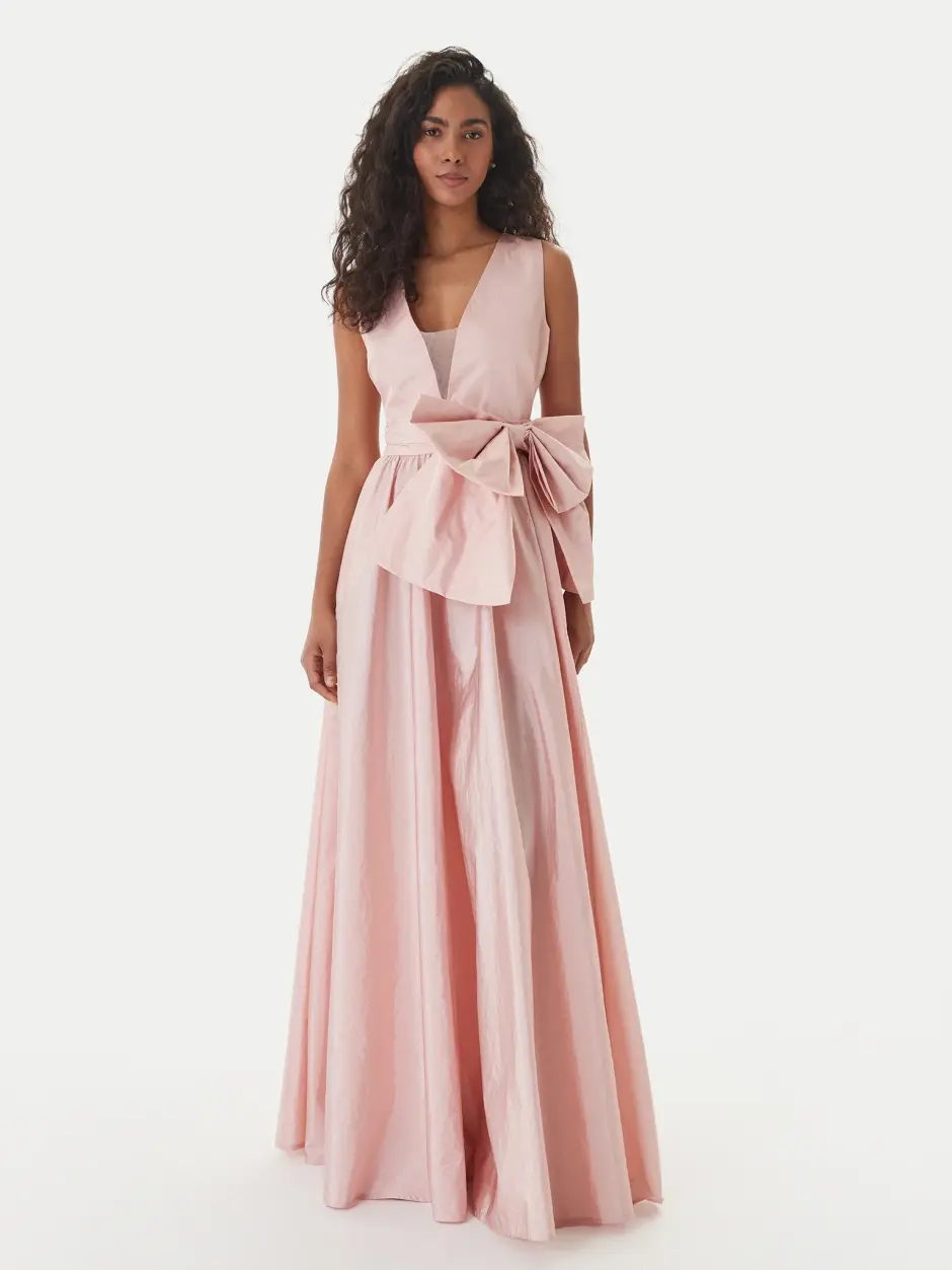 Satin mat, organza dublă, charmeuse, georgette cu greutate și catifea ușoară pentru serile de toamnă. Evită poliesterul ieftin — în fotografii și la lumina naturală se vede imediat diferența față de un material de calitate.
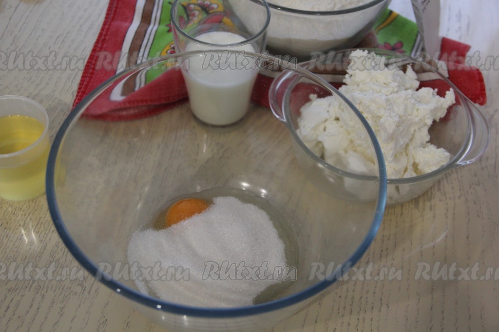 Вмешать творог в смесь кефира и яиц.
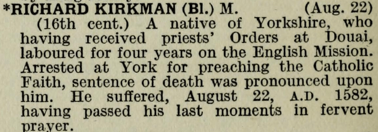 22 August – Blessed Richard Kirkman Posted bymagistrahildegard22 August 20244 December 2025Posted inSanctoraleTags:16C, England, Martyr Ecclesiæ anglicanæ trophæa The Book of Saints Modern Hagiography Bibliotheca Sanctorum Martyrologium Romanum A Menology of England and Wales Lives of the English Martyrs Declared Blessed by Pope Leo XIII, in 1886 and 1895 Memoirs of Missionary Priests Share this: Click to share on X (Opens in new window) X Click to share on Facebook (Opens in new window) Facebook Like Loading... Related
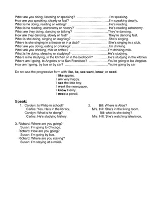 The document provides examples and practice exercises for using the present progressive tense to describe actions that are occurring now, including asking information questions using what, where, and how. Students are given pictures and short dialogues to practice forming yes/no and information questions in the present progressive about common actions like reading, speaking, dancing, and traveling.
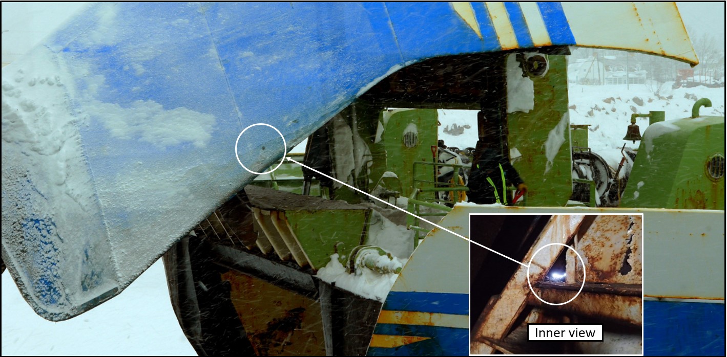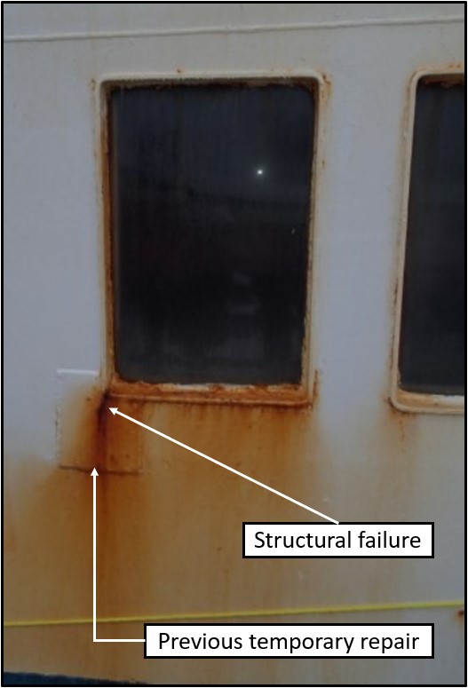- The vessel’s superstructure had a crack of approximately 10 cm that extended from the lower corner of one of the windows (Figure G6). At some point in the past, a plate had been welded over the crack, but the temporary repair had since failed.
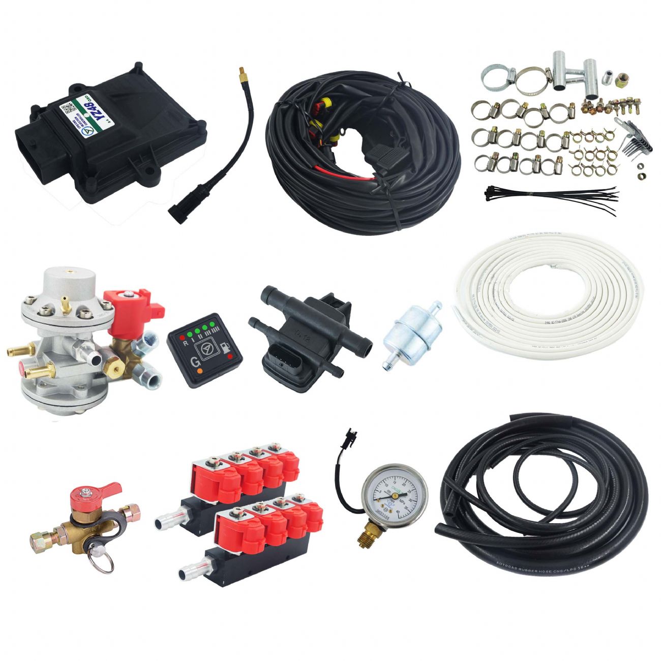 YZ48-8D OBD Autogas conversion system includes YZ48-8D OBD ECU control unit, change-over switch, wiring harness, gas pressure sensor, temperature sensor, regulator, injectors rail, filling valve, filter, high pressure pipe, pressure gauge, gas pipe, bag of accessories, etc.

.....

→ Task item
Through the line containing "Вмешать творог в смесь кефира и яиц." and no further, restate the data above word for word from its first line, leaving out pictures.

→ Solved exercise
 Satin mat, organza dublă, charmeuse, georgette cu greutate și catifea ușoară pentru serile de toamnă. Evită poliesterul ieftin — în fotografii și la lumina naturală se vede imediat diferența față de un material de calitate.
 Вмешать творог в смесь кефира и яиц.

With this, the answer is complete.